Fort Bliss colonel on the front lines helping soldiers with PTSD
Tens of thousands of Fort Bliss soldiers have deployed to the Middle East over the past decade and many are still deploying.
It’s estimated between 10 to 25 percent of them return with some form of Post Traumatic Stress Disorder. A lot has been learned about treating soldiers for PTSD since the war began.
“Whatever we do, the more we do it, the better we get at it,” said Lt. Col. Anthony Bonfiglio, Deputy Chief of Behavioral Health at Fort Bliss.
Bonfiglio is on the front lines helping soldiers deal with PTSD. “In general, when looking at PTSD, we have three primary therapy modalities that we’re using.”
With 12 different clinics, and staff now totaling almost 200 at Fort Bliss, those approaches include EMDR, or Eye Movement Desensitization and Reprocessing, which involves shining light in the patient’s eyes to replicate a dreamlike state.
“They’ll focus on that particular event and hold it in their mind and acknowledge and experience the emotions – internal triggers they’re having,” Bonfiglio said.
Another approach is PE, or Prolonged Exposure.
“They relive that story in a safe environment then it becomes not quite as traumatic,” he said.
The third approach is Cognitive Behavioral Therapy.
“Where we really focus on thoughts and how thoughts are connected,” Bonfiglio said.
With one to nearly three out of 10 coming home with some form of PTSD, he said the biggest challenge is getting soldiers to seek help.
“We can promote all we want,” Bonfiglio said. “But they have to feel comfortable enough.”

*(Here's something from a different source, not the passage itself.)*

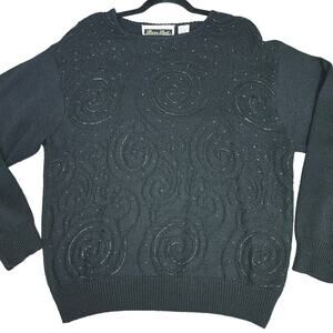 VTG Dana Scott Sweater Womens Large Black Iridescent Beaded Swirl Silk Wool Blend Knit Long Sleeve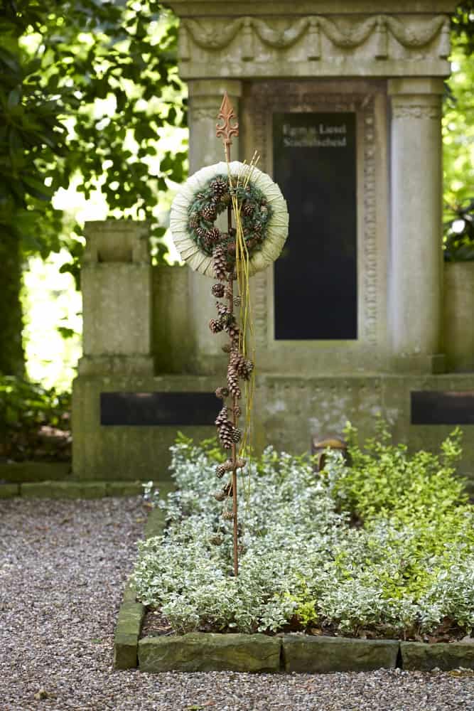Manchmal ist bereits das Grab so dicht und vollständig bepflanzt, dass kein zusätzlicher Gedenkschmuck darauf Platz findet. Hier können Gedenkstecke, die sich über die bepflanzte Fläche erheben und somit in einer anderen Ebene eine schöne Wirkung entfalten, eine passende Lösung sein.

Bonfiglio said the Army has made great progress in that area.
“It’s that individual commander and first sergeant that are working with soldiers that really embrace and not make it not a stigma and make it easy for them to come in for care,” he said, pointing out once they do, the recovery rate from PTSD can be as high as 80 percent. “Having a diagnosis of PTSD does not mean that ends someone’s military career. They can get help and be productive within the Army and post Army life.”
Maj. Robert Bush is Fort Bliss’s first addiction specialist.
“They need to be treated as a soldier, not as a condition, as a soldier, not as a violator,” Bush said. “Addiction is a big component of the lifestyle or the life choices that a lot of soldiers with PTSD make.”
Bush said Fort Bliss and William Beaumont Army Medical Center have been very forward thinking in dealing with addiction as a result of PTSD.
“William Beaumont has been amazing at putting us on the cusp of some of these newer treatments and getting the resources we need to do what we want to do,” he said, “because we want to treat the soldiers, we want to help the soldiers and their families.”
Graciela Pinon is a therapist in Fort Bliss’s Intensive Outpatient Program, which has only been around since 2013.
“The families are out here in the community and they’re affected,” Pinon said. “I had the opportunity to see a lot of service members when they came back from combat and their way of coping was to use alcohol and use drugs. It’s been easier now to refer them to programs that specifically address the PTSD.”
Pinon said including a soldier’s family in the therapy has helped.
“More and more research is suggesting that with family support there’s more likely to be a better prognosis for somebody diagnosed with PTSD,” Pinon told ABC-7. “If you don’t have the support, then it’s less likely you will recover.”
According to the Department of Defense, the Army continues to be a leader in PTSD research. Through Army and Defense Health Program funding, there are currently 130 PTSD research projects with an investment of about $250 million since 2010.